** Opening Given information block **

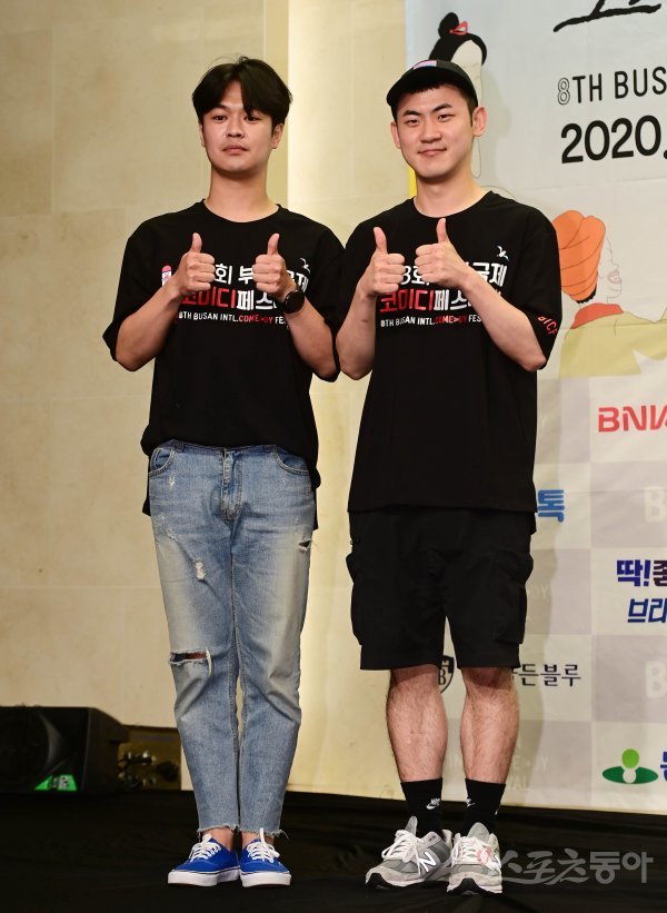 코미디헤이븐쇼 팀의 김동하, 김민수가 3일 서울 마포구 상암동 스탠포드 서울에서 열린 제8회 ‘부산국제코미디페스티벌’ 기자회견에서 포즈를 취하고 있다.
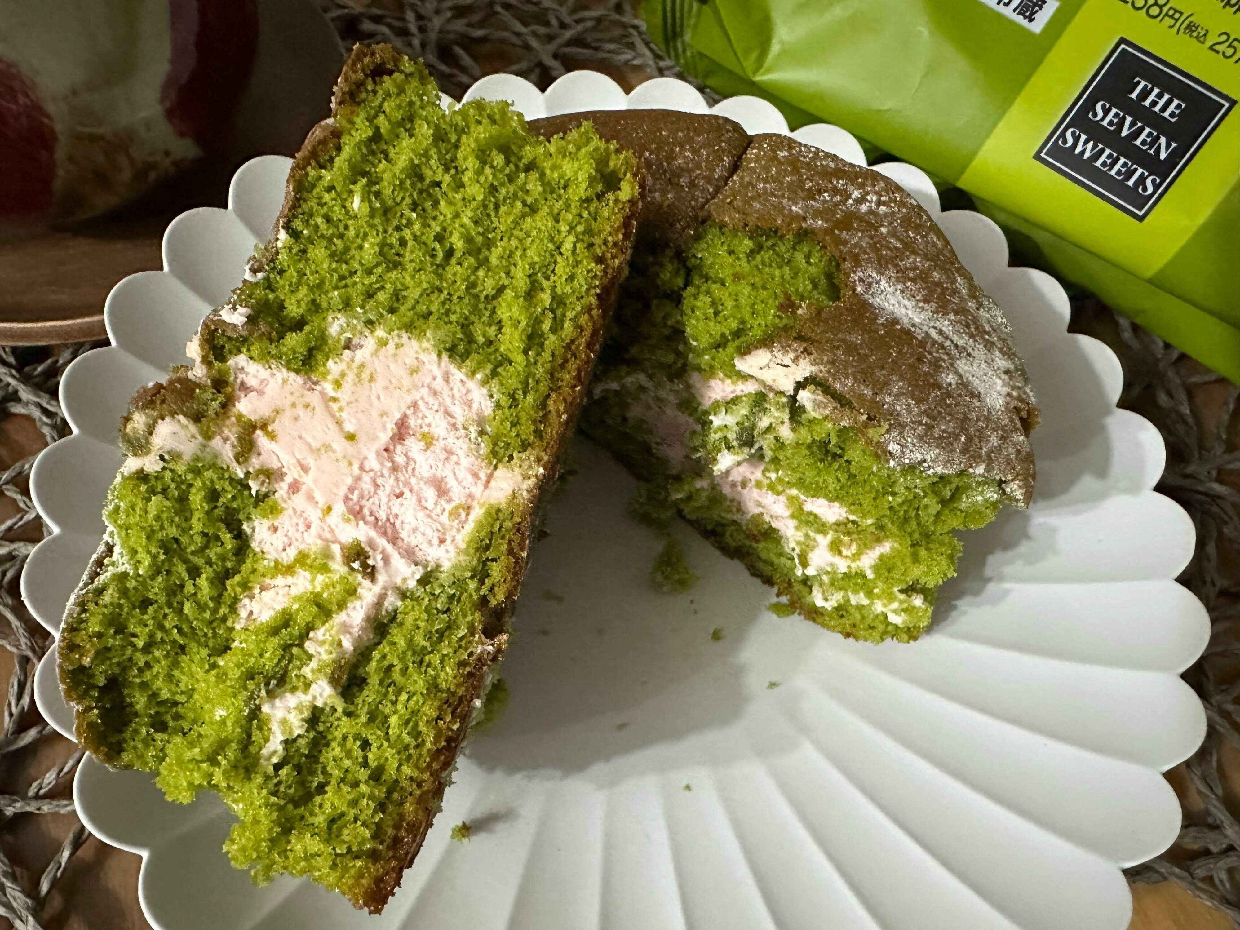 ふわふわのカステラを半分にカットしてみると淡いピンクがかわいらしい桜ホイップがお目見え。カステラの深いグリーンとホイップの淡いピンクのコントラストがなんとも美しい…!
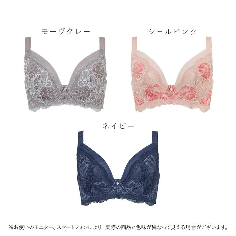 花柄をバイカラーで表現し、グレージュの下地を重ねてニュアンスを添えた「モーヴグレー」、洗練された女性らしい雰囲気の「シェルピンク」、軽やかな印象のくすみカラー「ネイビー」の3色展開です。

** Closing Given information block **

Go through the listing above and quote it exactly, apart from its images.

 코미디헤이븐쇼 팀의 김동하, 김민수가 3일 서울 마포구 상암동 스탠포드 서울에서 열린 제8회 ‘부산국제코미디페스티벌’ 기자회견에서 포즈를 취하고 있다.
 ふわふわのカステラを半分にカットしてみると淡いピンクがかわいらしい桜ホイップがお目見え。カステラの深いグリーンとホイップの淡いピンクのコントラストがなんとも美しい…!
 花柄をバイカラーで表現し、グレージュの下地を重ねてニュアンスを添えた「モーヴグレー」、洗練された女性らしい雰囲気の「シェルピンク」、軽やかな印象のくすみカラー「ネイビー」の3色展開です。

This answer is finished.